Philip A. Botham, Lesley K. Earl, Julia H. Fentem, Roland Roguet and Johannes J.M. van de Sandt

The ECVAM Skin Irritation Task Force was established in November 1996, primarily to prepare a report on the current status of the development and validation of alternative tests for skin irritation and corrosion and, in particular, to identify any appropriate non-animal tests for predicting human skin irritation which were sufficiently well-developed to warrant ECVAM supporting their prevalidation/validation. The task force based its discussions around the proposed testing strategy for skin irritation/corrosion emanating from an OECD workshop held in January 1996. The following have been reviewed: a) structure-activity and structure-property relationships for skin corrosion and irritation; b) the use of pH and acid/alkaline reserve measurements in predicting skin corrosivity; c) in vitro tests for skin corrosion; d) in vitro tests for skin irritation (keratinocyte cultures, organ cultures, and reconstituted human skin models); and e) human patch tests for skin irritation.

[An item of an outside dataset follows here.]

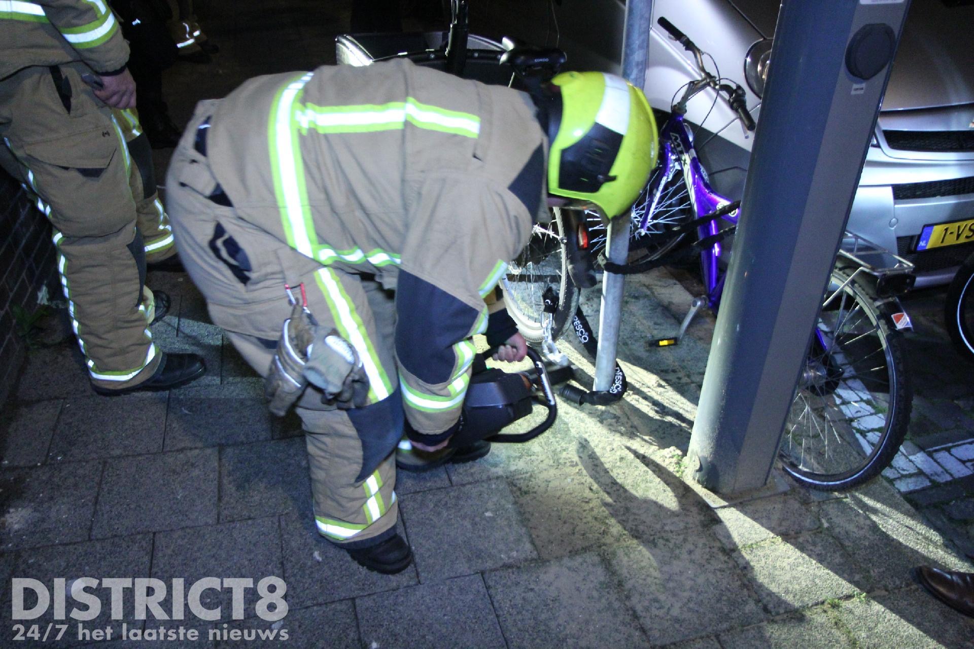 Den Haag – In de nacht van vrijdag (12 mei) op zaterdag (13 mei) zijn de brandweerlieden van kazerne Laak uitgerukt naar de Elise van Calcarstraat voor het los knippen van een slot die vastzat aan een gestolen bakfiets.

It was apparent that, although several promising candidate in vitro tests for skin irritation (for example, reconstituted human skin methods, and human and animal skin organ culture methods) were under development and evaluation, a test protocol, a preliminary prediction model and supporting data on different types of chemicals were only available for a method employing EpiDermTM. Thus, it is proposed that this EpiDerm test undergoes prevalidation during 1998. In addition, since it was felt preferable to be able to include other in vitro tests in such a prevalidation study, it is recommended that a “challenge” be set to anyone interested in taking part. This involves submitting data on ten test chemicals selected by the task force, obtained according to a standard protocol with a preliminary prediction model, for review by the task force by 31 May 1998.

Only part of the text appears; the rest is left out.